WHAT YOU WILL DO - Could the data below be copied exactly, minus the pictures?

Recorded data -
----------------
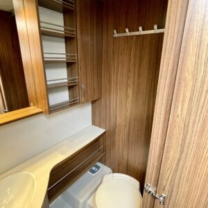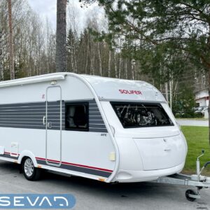Alde, Separate beds, Fridge, Cassette WC, Cassette blinds, Stove, Hot water boiler, Sun shade, Freezer compartment, Sink, Radio, Shower, Electric heating cartridge, Support legs, Lattialämmitys (sähkö), liesituuletin, Bluetooth
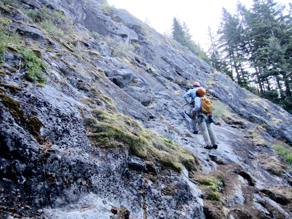 For protection, we used about ten quickdraws, as well as one extended sling to reduce rope drag on the traversing portion of Pitch 3.
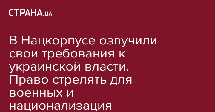 В Нацкорпусе озвучили свои требования к украинской власти. Право стрелять для военных и национализация имущества РФ
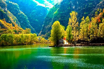 北京延慶烏龍峽谷景區(qū)——原名黑龍?zhí)。位于黑河的下游,屬距?.4億年前的中生代火山熔巖區(qū),全長2公里,是典型的山間河流深切河谷地貌景觀,峽谷兩側(cè)絕壁陡直、怪石林立,水聲轟鳴,浪花飛濺,以青山幽谷、碧水深潭遠近聞名。這里,懸崖陡壁,潭澗相連,依次為四潭、三潭、二潭、頭潭;其中,頭潭較闊,四潭最深。每年豐水時節(jié),峽谷內(nèi)奔涌的河水從幾十米高的懸崖上飛瀉而下,激蕩于山澗巨石之間,但見浪濤擊石,銀花飛濺,雷鳴般的濤聲如群獅怒吼,煞是壯觀。
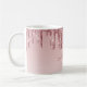 Blush Pink - Rose Gold Moderno Glitter Ombré Monograma com Nome e Inicial - Caneca de Café. A caneca é um presente perfeito para alguém que ama rose gold.
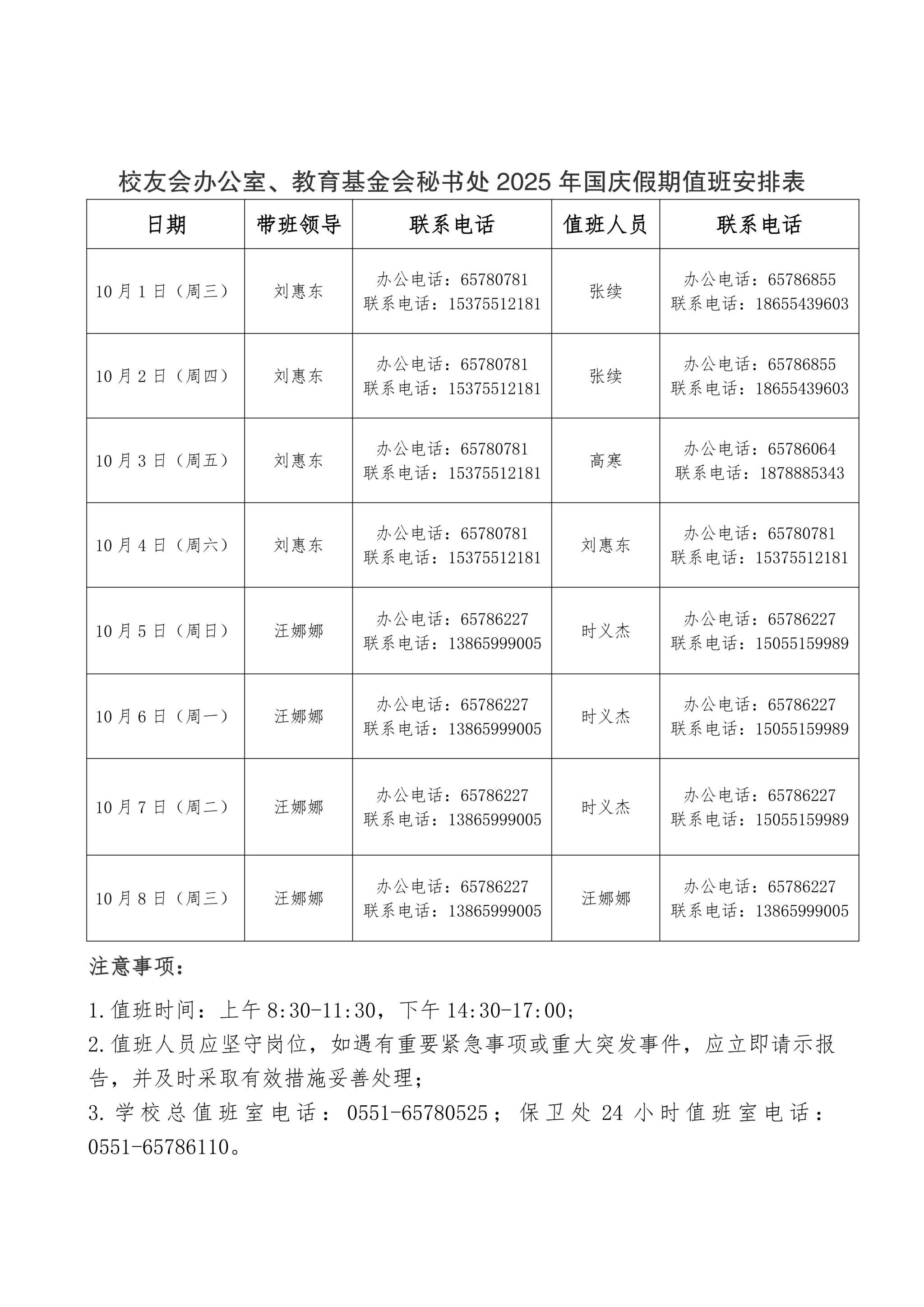 校友会办公室、教育基金会秘书处2025年国庆假期值班安排表
----------------
WRITTEN ANSWER -
Alde, Separate beds, Fridge, Cassette WC, Cassette blinds, Stove, Hot water boiler, Sun shade, Freezer compartment, Sink, Radio, Shower, Electric heating cartridge, Support legs, Lattialämmitys (sähkö), liesituuletin, Bluetooth
 For protection, we used about ten quickdraws, as well as one extended sling to reduce rope drag on the traversing portion of Pitch 3.
 В Нацкорпусе озвучили свои требования к украинской власти. Право стрелять для военных и национализация имущества РФ
 北京延慶烏龍峽谷景區(qū)——原名黑龍?zhí)。位于黑河的下游,屬距?.4億年前的中生代火山熔巖區(qū),全長2公里,是典型的山間河流深切河谷地貌景觀,峽谷兩側(cè)絕壁陡直、怪石林立,水聲轟鳴,浪花飛濺,以青山幽谷、碧水深潭遠近聞名。這里,懸崖陡壁,潭澗相連,依次為四潭、三潭、二潭、頭潭;其中,頭潭較闊,四潭最深。每年豐水時節(jié),峽谷內(nèi)奔涌的河水從幾十米高的懸崖上飛瀉而下,激蕩于山澗巨石之間,但見浪濤擊石,銀花飛濺,雷鳴般的濤聲如群獅怒吼,煞是壯觀。
 Blush Pink - Rose Gold Moderno Glitter Ombré Monograma com Nome e Inicial - Caneca de Café. A caneca é um presente perfeito para alguém que ama rose gold.
 校友会办公室、教育基金会秘书处2025年国庆假期值班安排表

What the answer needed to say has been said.